Task goal = Give back the whole listing exactly as written, leaving out each picture.

Exercise data =
Content starts
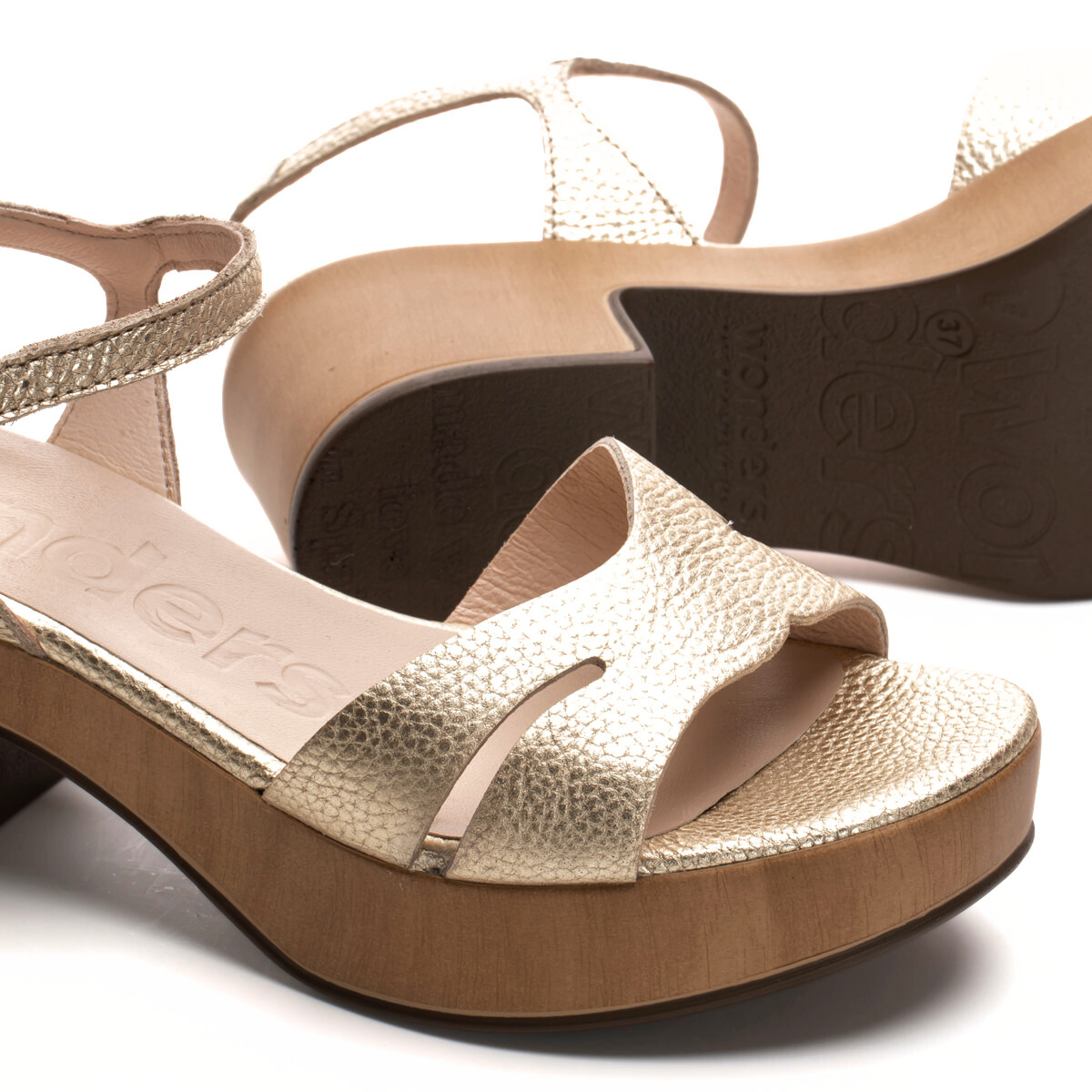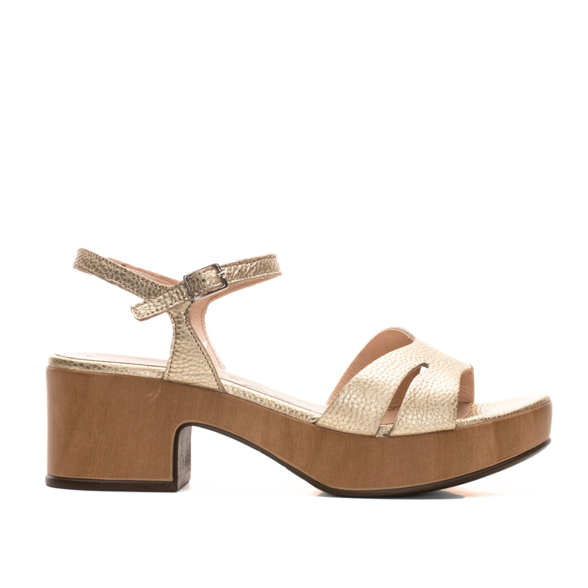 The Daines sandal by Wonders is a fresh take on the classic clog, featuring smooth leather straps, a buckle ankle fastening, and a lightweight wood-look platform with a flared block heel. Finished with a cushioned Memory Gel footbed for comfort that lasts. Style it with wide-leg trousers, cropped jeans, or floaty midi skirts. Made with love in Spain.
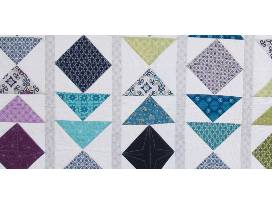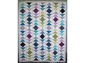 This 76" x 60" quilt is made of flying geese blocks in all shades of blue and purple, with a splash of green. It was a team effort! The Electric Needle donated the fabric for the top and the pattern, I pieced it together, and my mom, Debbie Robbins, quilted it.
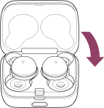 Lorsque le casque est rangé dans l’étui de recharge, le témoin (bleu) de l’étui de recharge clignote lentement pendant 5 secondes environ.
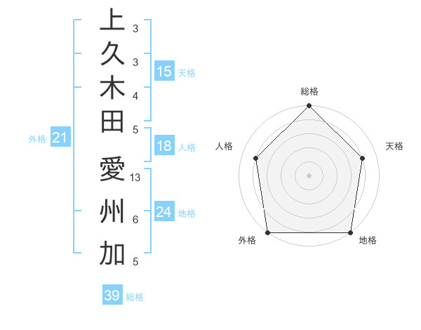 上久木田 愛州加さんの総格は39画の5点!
Content ends
Solution =
 The Daines sandal by Wonders is a fresh take on the classic clog, featuring smooth leather straps, a buckle ankle fastening, and a lightweight wood-look platform with a flared block heel. Finished with a cushioned Memory Gel footbed for comfort that lasts. Style it with wide-leg trousers, cropped jeans, or floaty midi skirts. Made with love in Spain.
 This 76" x 60" quilt is made of flying geese blocks in all shades of blue and purple, with a splash of green. It was a team effort! The Electric Needle donated the fabric for the top and the pattern, I pieced it together, and my mom, Debbie Robbins, quilted it.
 Lorsque le casque est rangé dans l’étui de recharge, le témoin (bleu) de l’étui de recharge clignote lentement pendant 5 secondes environ.
 上久木田 愛州加さんの総格は39画の5点!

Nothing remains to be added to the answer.